A partner at Cohen Milstein, Posner has recovered billions on behalf of defrauded investors. Her cases include six of the top 100 securities fraud class action settlements of all time.
A courtroom sketch from In re Walt Disney Co. Derivative Litigation hangs on the wall in Laura Posner’s office in lower Manhattan.
The work, drawn by Andrea and Shirley Sheperd in the Delaware Court of Chancery nearly 20 years ago, was Posner’s first-ever case—and trial.
Posner, representing the plaintiffs, alleged that a $140 million severance payout to outgoing Disney president Michael Ovitz was a waste of assets and constituted various breaches of contractual and fiduciary duties.
“It was an extremely difficult trial,” Posner recalled. “It was a veritable who’s who of Big Law in the courthouse for the defendants every single day.”
While the defense had dozens of bold-faced legal names, Posner said her team typically had two people at bat daily, switching off to prep the witnesses for the next day.
Posner recounted the case to the New York Law Journal in response to a question about her first win in the courtroom. But she didn’t win that case.
“I think it was a 70-page decision,” she said. “If you read 69 of those pages,…you would have thought we won. And then you get to the last page, and we lost.”
“It was a very hard blow,” she explained. “It’s never fun to lose, but it was a hard blow because I firmly believe that what the Disney company did was not appropriate, that it was corporate waste and that it should have been the kind of behavior that corporations are not supposed to engage in to the detriment of their investors and shareholders.”
Impact Litigation
But in the decades since, Posner has recovered billions on behalf of defrauded investors. Her cases include six of the top 100 securities fraud class action settlements of all time. Last year, she settled In Re Wells Fargo for a historic $1 billion.
But those who know her have made clear she’s driven not by money or rankings, but by true passion to affect meaningful outcomes for the greater good.
Prior to joining Cohen Milstein Sellers & Toll in 2017 as a partner, Posner served as the Bureau Chief for New Jersey’s Bureau of Securities—the top securities enforcer and regulator in the state.
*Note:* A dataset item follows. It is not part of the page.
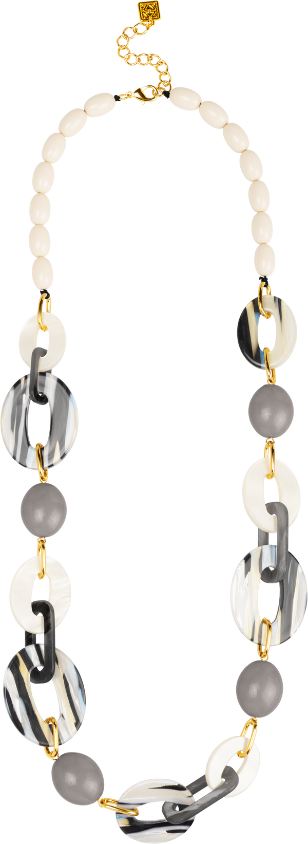 Resin and bead links in organic shapes and earthy tones. Lightweight and easy to layer.

Chad Johnson, now a partner at Robbins Geller Rudman & Dowd, worked with Posner at Bernstein Litowitz Berger & Grossman. He also served as her counterpart in New York during the same period Posner was securities regulator for NJ.
“She knows the law and the cases cold,” Johnson said. “But beyond that, she brings to all these cases a level of passion and commitment that is something unique. She’s always looking for new ways to advance cases in the interest of the public.”
“And in the private sector you just don’t see that everyday,” he added.
Posner grew up in the Bay Area, completing her undergraduate degree at UCLA (magna cum laude) and then earning her J.D. from Harvard Law School.
She then moved to New York, and still lives in Manhattan with her husband, who works in education, and their young son.
Posner went to law school thinking she would go into civil rights litigation at the Department of Justice.
But when it came time, the DOJ under the then-new George W. Bush administration wasn’t prioritizing that kind of work, Posner recalled. She tried non-profits, but found that a lot of the job was not as legal as she might have hoped. For example, fixing a broken copier.
“I had a professor who introduced me to the world of plaintiffs class action firms,” she said, referencing Harvard Law’s Jon D. Hanson. “I was really interested in the kind of impact litigation, a lot of which was getting farmed out on the nonprofit stage, to other firms to litigate.”
She began as a summer associate at Millberg, later returning as an associate. And there she discovered the impact of shareholder derivative litigation.
“Along the way I came to a kind of realization that ensuring that people have a financial ability that withstands the ups and downs of life, they have to have a secure retirement,” Posner shared. “That people having the money to pay for everyday necessities was absolutely as crucial to ensuring everyone had equal rights in this country as anything else.”
Capt. Sean Coffey is now general counsel for the U.S. Navy, but he clearly recalls when Posner arrived at Bernstein Litowitz in the early 2000s. A senior partner then, Coffey said it was clear that the new hire “was a future leader of the plaintiffs bar.”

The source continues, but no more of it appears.